By analyzing existing cross correlation between Farmmi Inc and Kellanova, you can compare the effects of market volatilities on Farmmi and Kellanova and check how they will diversify away market risk if combined in the same portfolio for a given time horizon. You can also utilize pair trading strategies of matching a long position in Farmmi with a short position of Kellanova. Check out your portfolio center. Please also check ongoing floating volatility patterns of Farmmi and Kellanova.

Diversification Opportunities for Farmmi and Kellanova

-0.35
  Correlation Coefficient

Very good diversification

The 3 months correlation between Farmmi and Kellanova is -0.35. Overlapping area represents the amount of risk that can be diversified away by holding Farmmi Inc and Kellanova in the same portfolio, assuming nothing else is changed. The correlation between historical prices or returns on Kellanova and Farmmi is a relative statistical measure of the degree to which these equity instruments tend to move together. The correlation coefficient measures the extent to which returns on Farmmi Inc are associated (or correlated) with Kellanova. Values of the correlation coefficient range from -1 to +1, where. The correlation of zero (0) is possible when the price movement of Kellanova has no effect on the direction of Farmmi i.e., Farmmi and Kellanova go up and down completely randomly.

Pair Corralation between Farmmi and Kellanova

Given the investment horizon of 90 days Farmmi Inc is expected to under-perform the Kellanova. In addition to that, Farmmi is 3.53 times more volatile than Kellanova. It trades about -0.07 of its total potential returns per unit of risk. Kellanova is currently generating about 0.09 per unit of volatility. If you would invest  5,361  in Kellanova on January 21, 2024 and sell it today you would earn a total of  377.00  from holding Kellanova or generate 7.03% return on investment over 90 days.
Time Period3 Months [change]
DirectionMoves Against 
StrengthInsignificant
Accuracy98.44%
ValuesDaily Returns

Farmmi Inc  vs.  Kellanova

 Performance 
       Timeline  
Farmmi Inc 

Risk-Adjusted Performance

0 of 100

 
Weak
 
Strong
Very Weak
Over the last 90 days Farmmi Inc has generated negative risk-adjusted returns adding no value to investors with long positions. Despite weak performance in the last few months, the Stock's primary indicators remain fairly strong which may send shares a bit higher in May 2024. The recent confusion may also be a sign of long-lasting up-swing for the firm traders.
Kellanova 

Risk-Adjusted Performance

7 of 100

 
Weak
 
Strong
OK
Compared to the overall equity markets, risk-adjusted returns on investments in Kellanova are ranked lower than 7 (%) of all global equities and portfolios over the last 90 days. Despite quite weak forward-looking signals, Kellanova may actually be approaching a critical reversion point that can send shares even higher in May 2024.
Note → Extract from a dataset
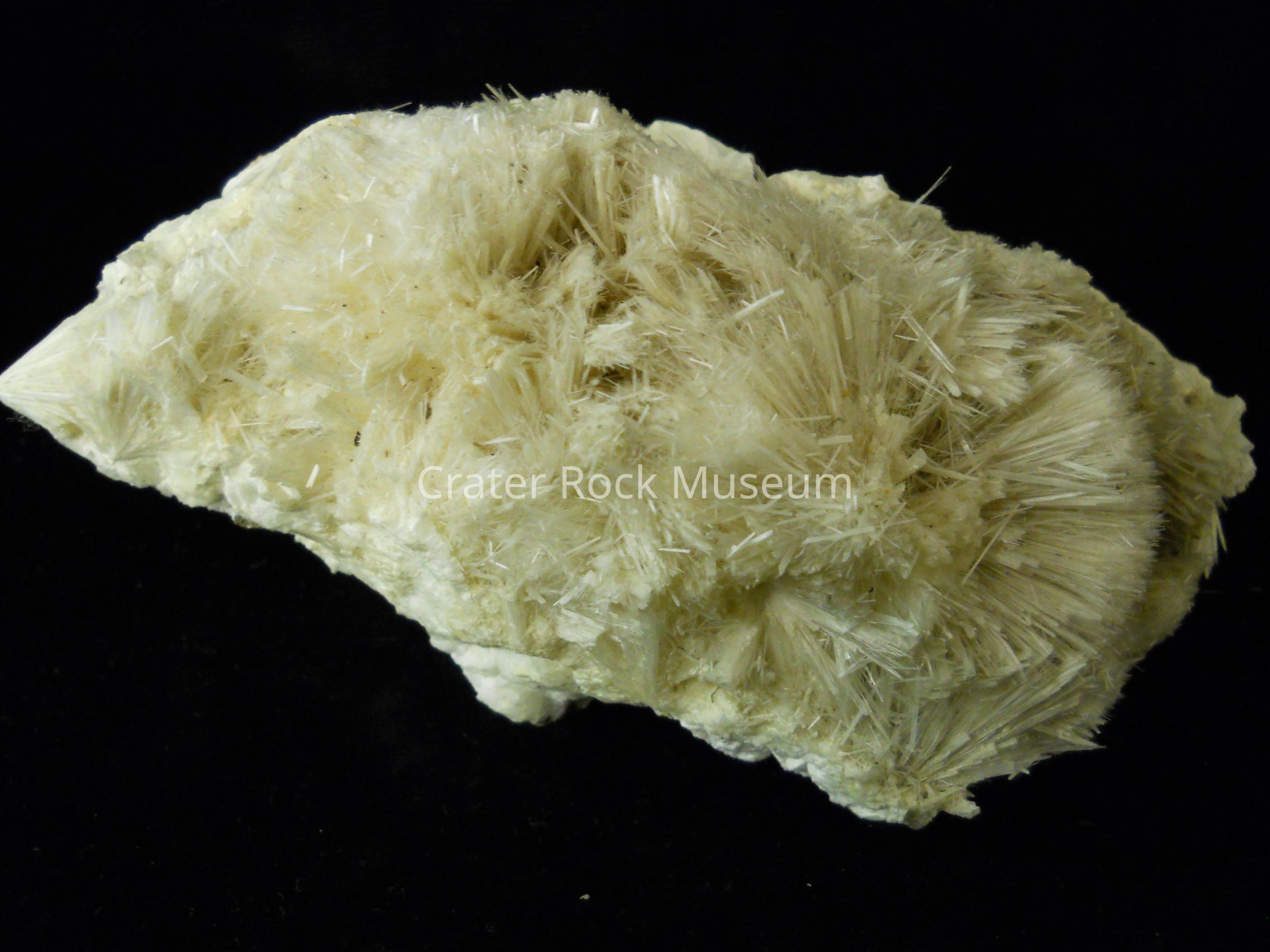 Variety: Natrolite, a sodium zeolite, scolecite, a calcium zeolite, and mesolite, a calcium and sodium zeolite, are closely related and sometimes found together. The presence of calcium in two of the minerals makes the structure slightly different from that of natrolite; it is altered from an orthorhombic symmetry to a monoclinic symmetry. However, the twinning of scolecite and mesolite often make them appear orthorhombic. All three minerals are referred to as "chain" or "needle" zeolites. They are similar and difficult to distinguish when in clusters with radiating, acicular habits. Natrolite tends to forms thin crystals with pyramidal terminations, but mesolite's fiber-like crystals are usually the thinnest of the three. Scolecite's larger crystals tend to be more robust and durable. These characteristics are only generalities, though, and can not be used as dependable identifying traits; absolute identification cannot be made by ordinary means.Collection

Farmmi and Kellanova Volatility Contrast

   Predicted Return Density   
       Returns  

Pair Trading with Farmmi and Kellanova

The main advantage of trading using opposite Farmmi and Kellanova positions is that it hedges away some unsystematic risk. Because of two separate transactions, even if Farmmi position performs unexpectedly, Kellanova can make up some of the losses. Pair trading also minimizes risk from directional movements in the market. For example, if an entire industry or sector drops because of unexpected headlines, the short position in Kellanova will offset losses from the drop in Kellanova's long position.
The idea behind Farmmi Inc and Kellanova pairs trading is to make the combined position market-neutral, meaning the overall market's direction will not affect its win or loss (or potential downside or upside). This can be achieved by designing a pairs trade with two highly correlated stocks or equities that operate in a similar space or sector, making it possible to obtain profits through simple and relatively low-risk investment.
Check out your portfolio center.
Note that this page's information should be used as a complementary analysis to find the right mix of equity instruments to add to your existing portfolios or create a brand new portfolio. You can also try the AI Portfolio Architect module to use AI to generate optimal portfolios and find profitable investment opportunities.